A multi-user scenario can be realized by our user subscribing to someone else's shared cloud drive folder, where the other user shares their copy of the data as read-only. When Alice shares her folder with Bob, Bob shares his with Alice, and they both subscribe to each other's updates, then they can work on a shared document without ever having given each other direct write access.

As this application has no servers outside of the lightly loaded static web host, which in 2025 is free to host even at scale, the hosting cost drops to zero almost regardless of the number of users. The cloud drive costs are carried by each user individually, only responsible for their own share of storage. The only hosting cost to the application's owner would be the domain name. The climate footprint is minimal.

By eliminating the central database and its adjoining server-side logic it also eliminates the main target for hackers. Because compromises can only occur one user at a time they lack a sufficient reward for hacking the application. On top of that, the only servers are the static web host and the major cloud drive vendors, both practically impossible to hack. This web app would be highly secure and remain secure with barely any maintenance.

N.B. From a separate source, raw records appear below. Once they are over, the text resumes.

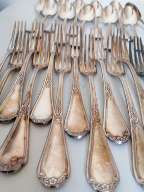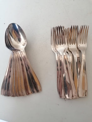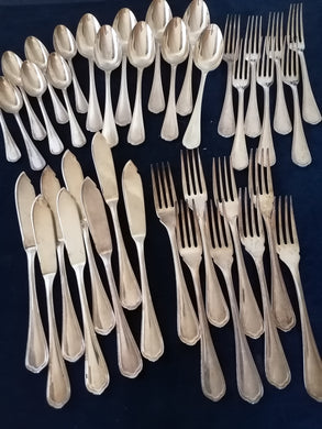 Christofle 38 pièces argenté, service à poisson 12 pièces, cuillère à thé et entre mets.
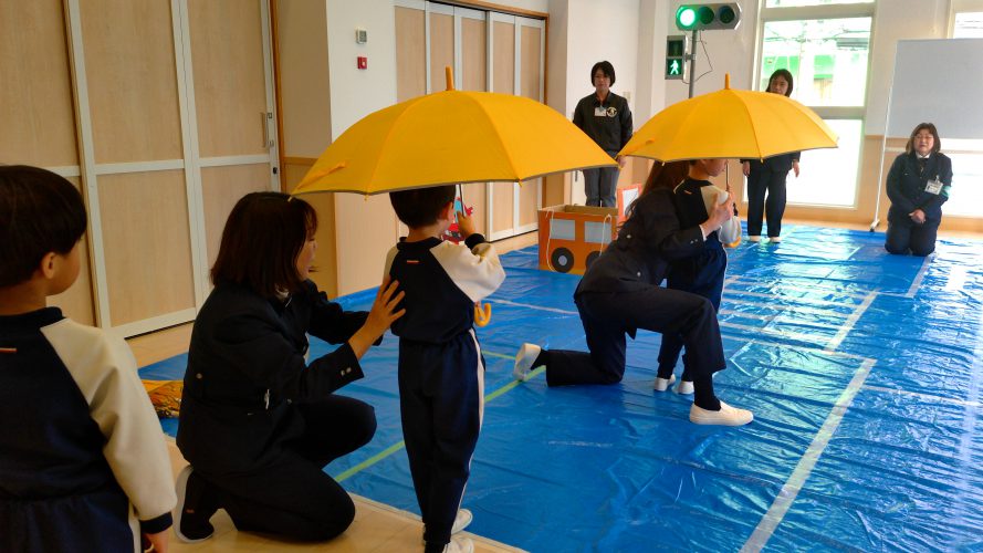 「小学校では傘をさして学校に行く日もあるもんね」と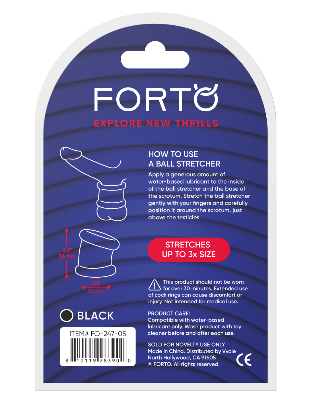 The Forto Tubular Ball Stretcher features a snug, curved inner chamber that gently pushes the balls downward for a satisfying, stretched feel. Made from ultra-soft, stretchy silicone, it provides a firm yet cushioned grip that enhances sensation and endurance. Designed for those seeking intense play and elevate their pleasure, it is made for customers looking to elevate their pleasure and control.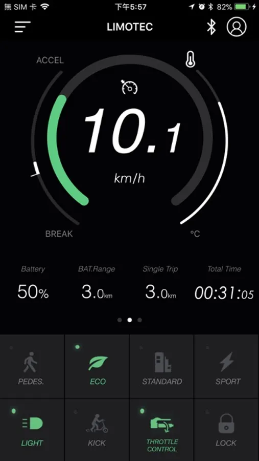 LIMOTEC EBIKE is an application to connect with your mobility product. Via bluetooth connection, your mobility device can transfer all the riding information and system status to your mobile device. Then your mobile device turn into an interface to control and display for the mobility device. The main function of the application are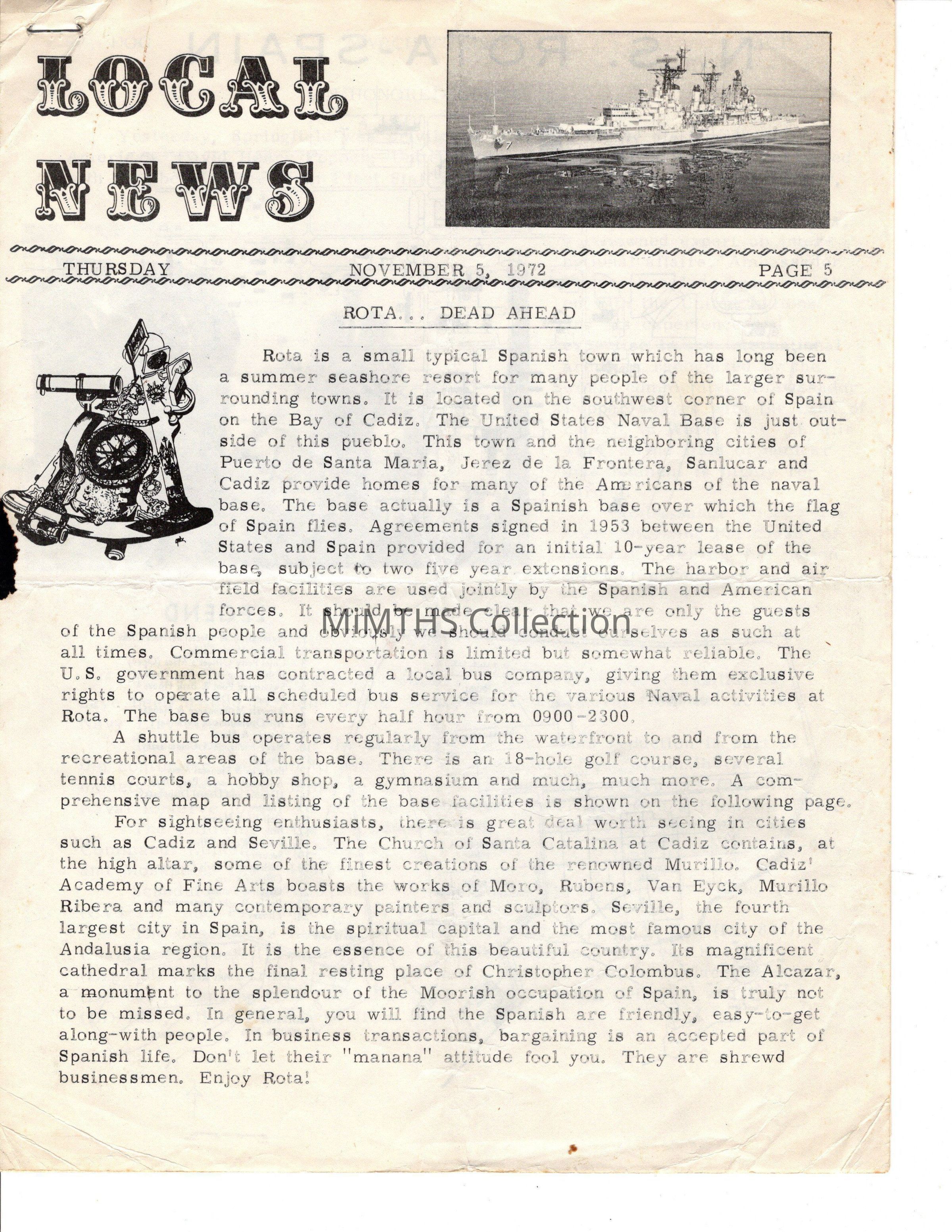 Newsletter from the USS Little Rock. Arrival in Rota, Spain. November 1972Cataloged By

This architecture would be a cloud vendor's worst nightmare if it ever became popular, as they cannot earn a dime from it (aside from the basic cloud drive pennies). Thankfully for them, it is impossible to monetize for the company that builds such a web app as well. No server == no revenue opportunity. For now this is just a crazy theoretical exercise, far removed from where the leading frontend architecture voices are driving us, but the possibility fascinates me.